Stocks are opening mostly higher on Wall Street, getting the week off to a positive start after the S&P 500 posted its biggest weekly decline since February.
The benchmark index was up 0.3 per cent in the first few minutes of trading Monday.
Banks and industrial companies were doing the best, while several big technology companies were falling.
That helped pull the tech-heavy Nasdaq composite down 0.4 per cent. Investors will be keeping an eye on more data coming out on inflation this week, as well as earnings from Nike and FedEx. Bond prices fell. The yield on the 10-year Treasury note rose to 1.48 per cent.
Investors are still thinking over the Federal Reserve’s signal that it may raise current ultra-low interest rates sooner than expected and slow its market-supporting bond purchases.
Part of the Fed’s mission is to keep prices under control. The fear is that burgeoning inflation may prompt central banks to dial back the lavish support that has lifted markets to new highs after they plunged at the onset of the coronavirus pandemic last year.
Until its latest policy meeting, last week, the Fed had indicated it viewed recent price hikes as transient and would let the recovering economy run hot. Now it’s forecasting raising interest rates twice in 2023.

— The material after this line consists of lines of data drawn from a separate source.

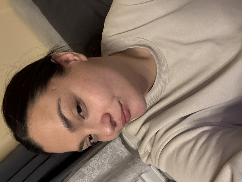 A female individual is depicted in a close-up, headshot-style portrait within an indoor setting. The subject, appearing to be an adult, has dark hair pulled back from her face, dark eyes, and full lips, displaying a subtle, closed-mouth smile. Her skin has a soft sheen, and a small, round indentation is visible on her forehead above her right eyebrow. She is wearing a plain, light beige or off-white long-sleeved crew-neck sweatshirt. The background is out of focus. To the left of the subject, a dark grey curtain is partially visible, behind which a white, possibly lace-patterned curtain or sheer fabric is discernible, suggesting the presence of a window. To the right of the subject, a dark grey or black object, possibly a pillow or furniture upholstery, is present. The lighting is soft and even, consistent with an interior environment. There are no discernible visual elements within the image to identify the specific location as Sofia, Bulgaria.
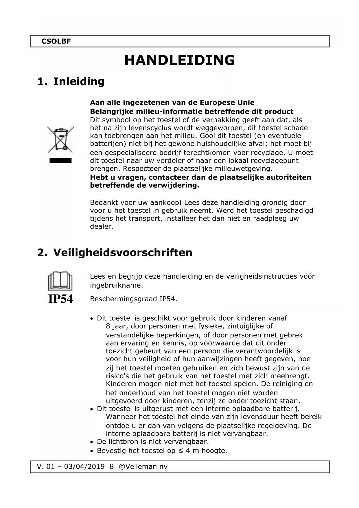 V. 01 – 03/04/2019 10 ©Velleman nv
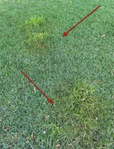 Poa Trivialis (Rough Bluegrass), on the other hand, is a perennial cool season grass. It is more noticeable in the late winter/early spring and rarely produces a seedhead when mowed. Its tolerance for shade makes it particularly aggressive in shady lawns. The light green grass creates thick mats of stems, overpowering desirable grasses in the lawn. Because of the color contrast and rapid growth, it is aesthetically unappealing. With the summer heat the Poa Trivialis dies back, leaving bare soil. The timing and appearance of the die back can look like a fungal infection and is often mistakenly treated as such. Poa Trivialis may appear to be gone, but the plant’s stems survive underground waiting for cool weather to return and will pop up again in the fall.
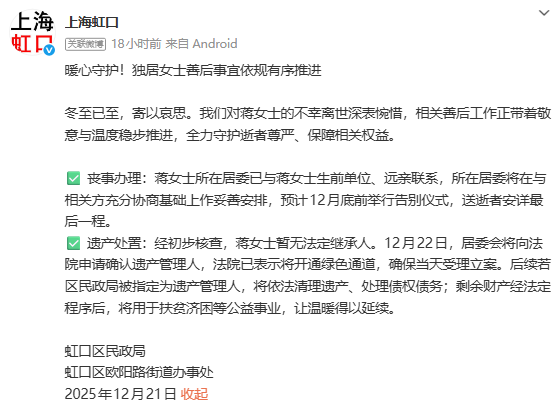 遗产处置:经初步核查,蒋女士暂无法定继承人。12月22日,居委会将向法院申请确认遗产管理人,法院已表示将开通绿色通道,确保当天受理立案。后续若区民政局被指定为遗产管理人,将依法清理遗产、处理债权债务;剩余财产经法定程序后,将用于扶贫济困等公益事业,让温暖得以延续。
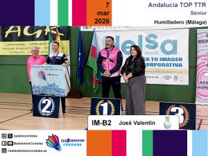 En dobles masculino, José Valentín, con Jesús Carmona (CB Puente Genil) se llevó el oro ganando sus tres encuentros sin ceder un solo set. En individual masculino, pasó como primero de grupo y en la final cayó precisamente ante su compañero de dobles, consiguiendo la plata.
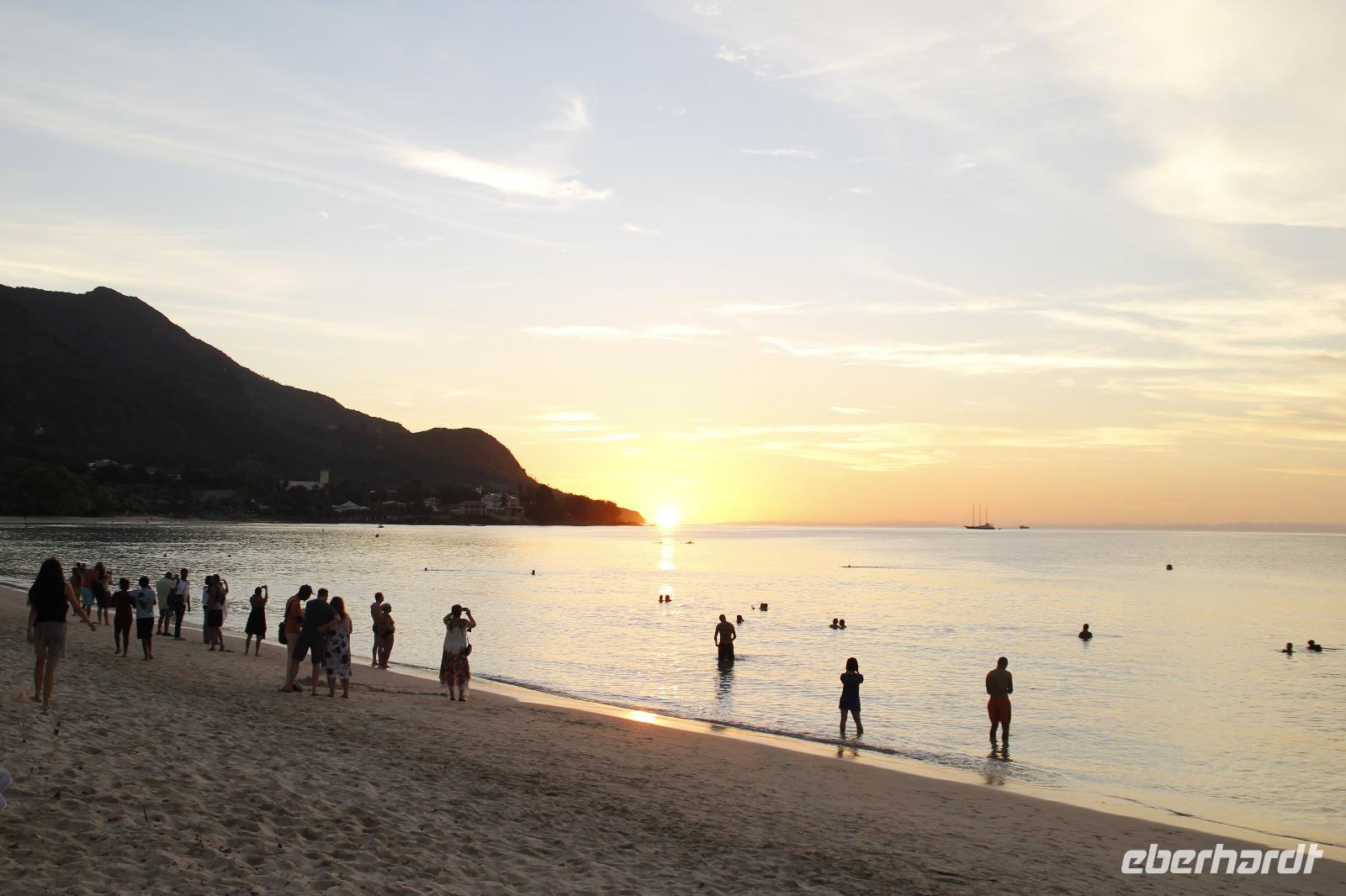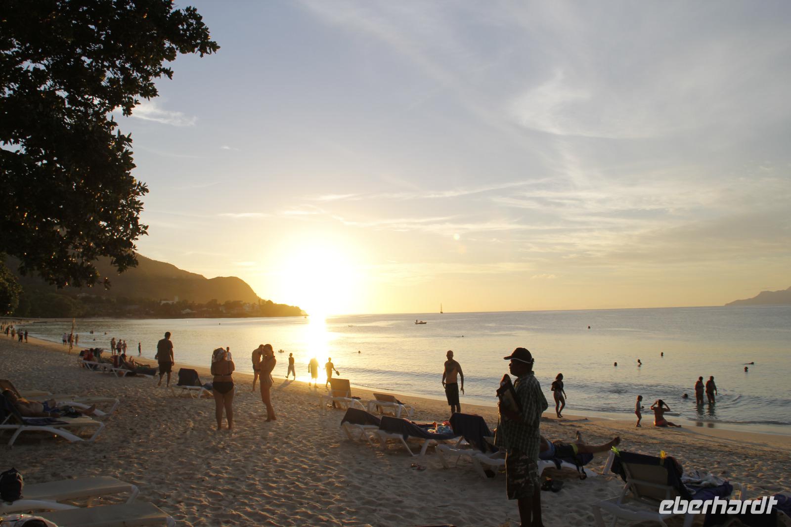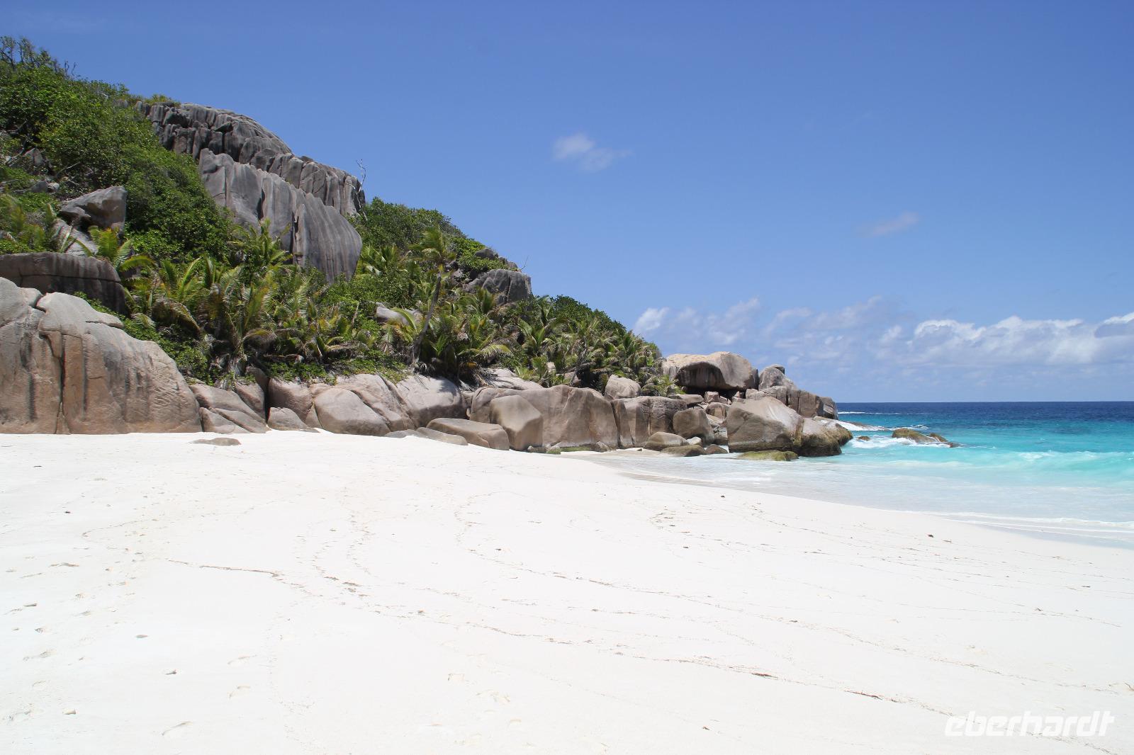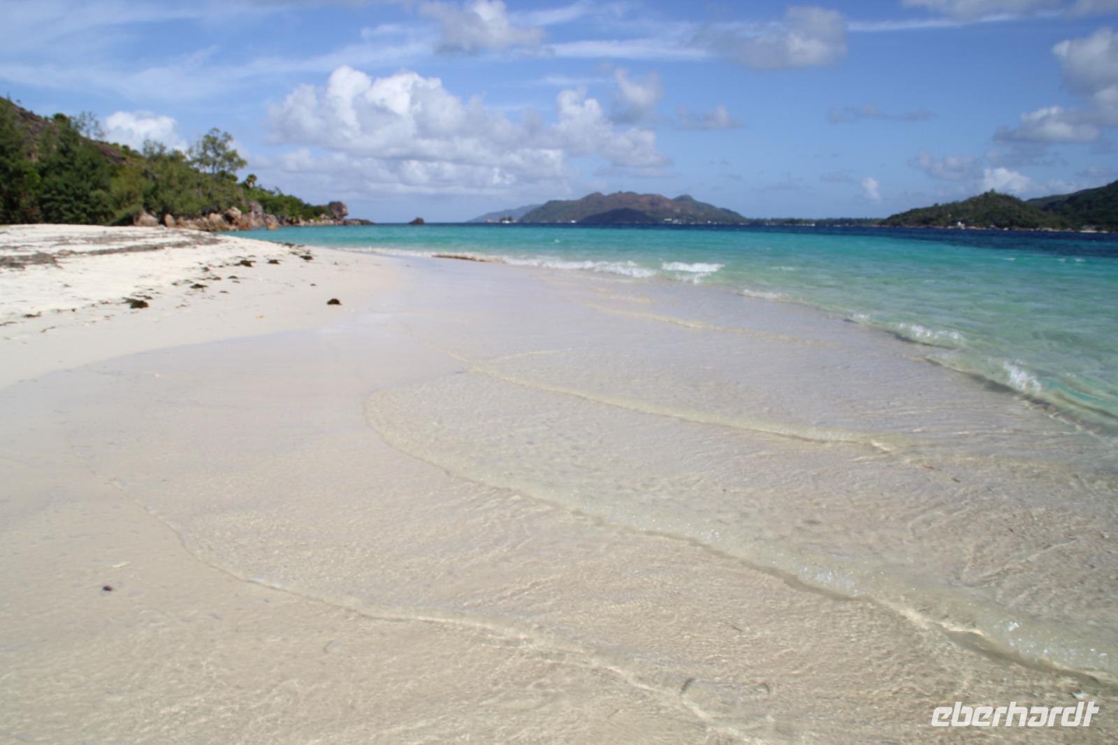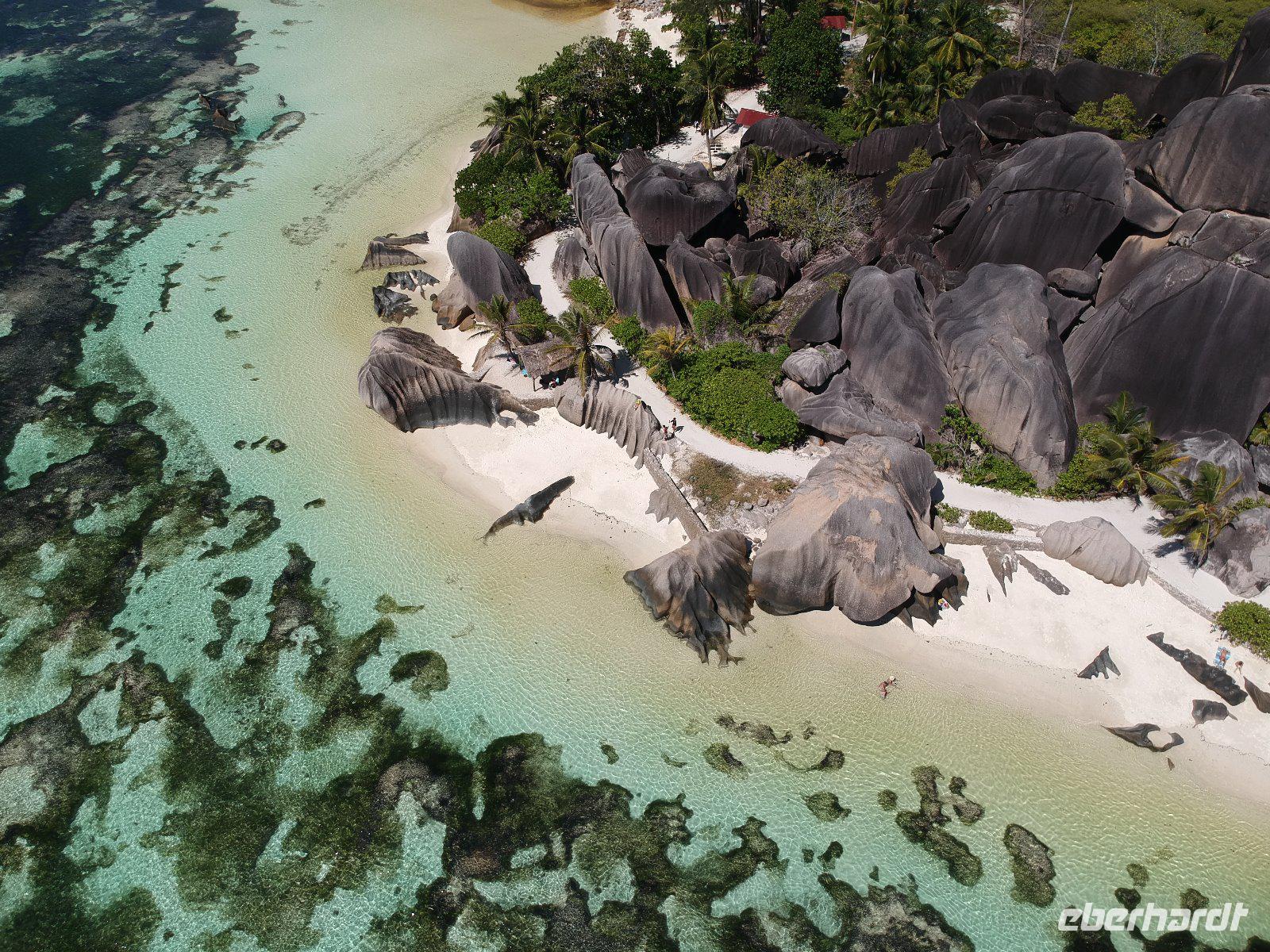Laut National Geographic befinden sich auf der Insel allgemein mit die schönsten Strände der Welt. Die vom Wasser abgeschliffenen Granitfelsen am weißen Traumstrand vor türkisblauem Meer sprechen deutlich dafür. Hier hat man u.a. in den 90er Jahren eine Bacardi Werbung gedreht. Wir hatten ca. anderthalb Stunden Zeit zum Baden und relaxen, bevor wir am Nachmittag wieder unseren Katamaran bestiegen und noch einmal um die ganze Insel fuhren. Zuvor kauften wir noch ein paar Souvenirs im Zentrum der Insel, wo es auch Banken und eine Post gibt. Kurze Zeit später fuhren wir für ca. 45min. einmal um die ganze Insel herum. Zum Sonnenuntergang erreichten wir wieder die Insel Praslin und unser Hotel. Wieder einmal war es ein wunderschöner Tag im Paradies.
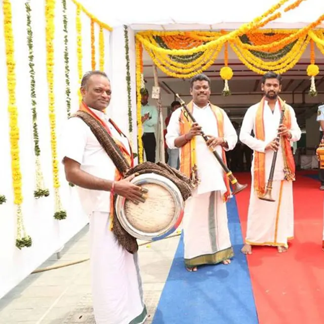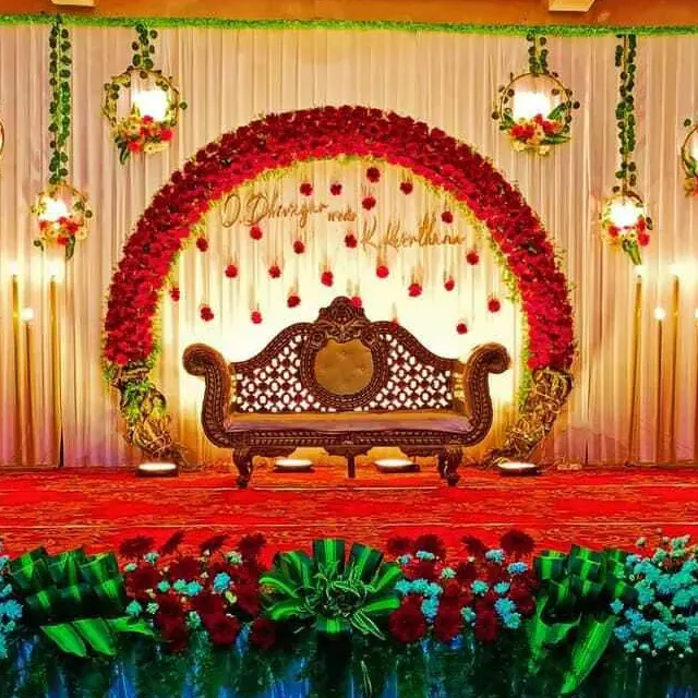 Our event solutions also encompass pandhal setups, serial lighting, DJ & chendamelam, welcome girls, return gifts, mehndi, prohith, garlands, and welcome dances. With our comprehensive event management, we promise that your special moments are memorable, elegant, and thoughtfully organized.
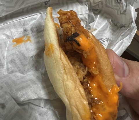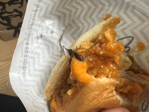 지난 5월 10일 수요일 퇴근 전 KFX 앱으로 햄버거 및 치킨 등을 주문하여매장에서 픽업을 하고 집으로 돌아와서 식사를 하는데,제가 주문한 스콜쳐 버거의 마지막 한입이 남았는데, 햄버거를 자세히 보니 웬 각다귀로 보이는 벌레의 사체가 치킨 패티와 뒤엉켜 있는 모습을 발견했습니다.미처 다 먹지 못한 음식들을 그대로 종이 백에 담아두고함께 식사 중이던 친구는 평소에도 비위가 약해서 바로 구역질을 하고저 역시 온몸에 소름이 돋을 정도로 불쾌함이 몰려왔습니다.

Asian markets opened mostly lower early Monday but the losses were contained.
In Europe, Germany’s DAX gained 0.3 per cent to 15,493.53 and the CAC 40 in Paris edged 0.1 per cent higher, to 6,573.41.
In London, the FTSE 100 inched up less than 0.1 per cent, to 7,021.31.
The future for the S&P 500 gained 0.4 per cent while that for the Dow industrials climbed 0.5 per cent.
In Asian trading, the Nikkei 225 gave up 953 points to 28,010.93 and the Kospi in Seoul lost 0.8 per cent to 3,240.79. Hong Kong’s Hang Seng index lost 1.1 per cent to 28,489.00. Australia’s S&P/ASX 200 declined 1.8 per cent to 7,235.30.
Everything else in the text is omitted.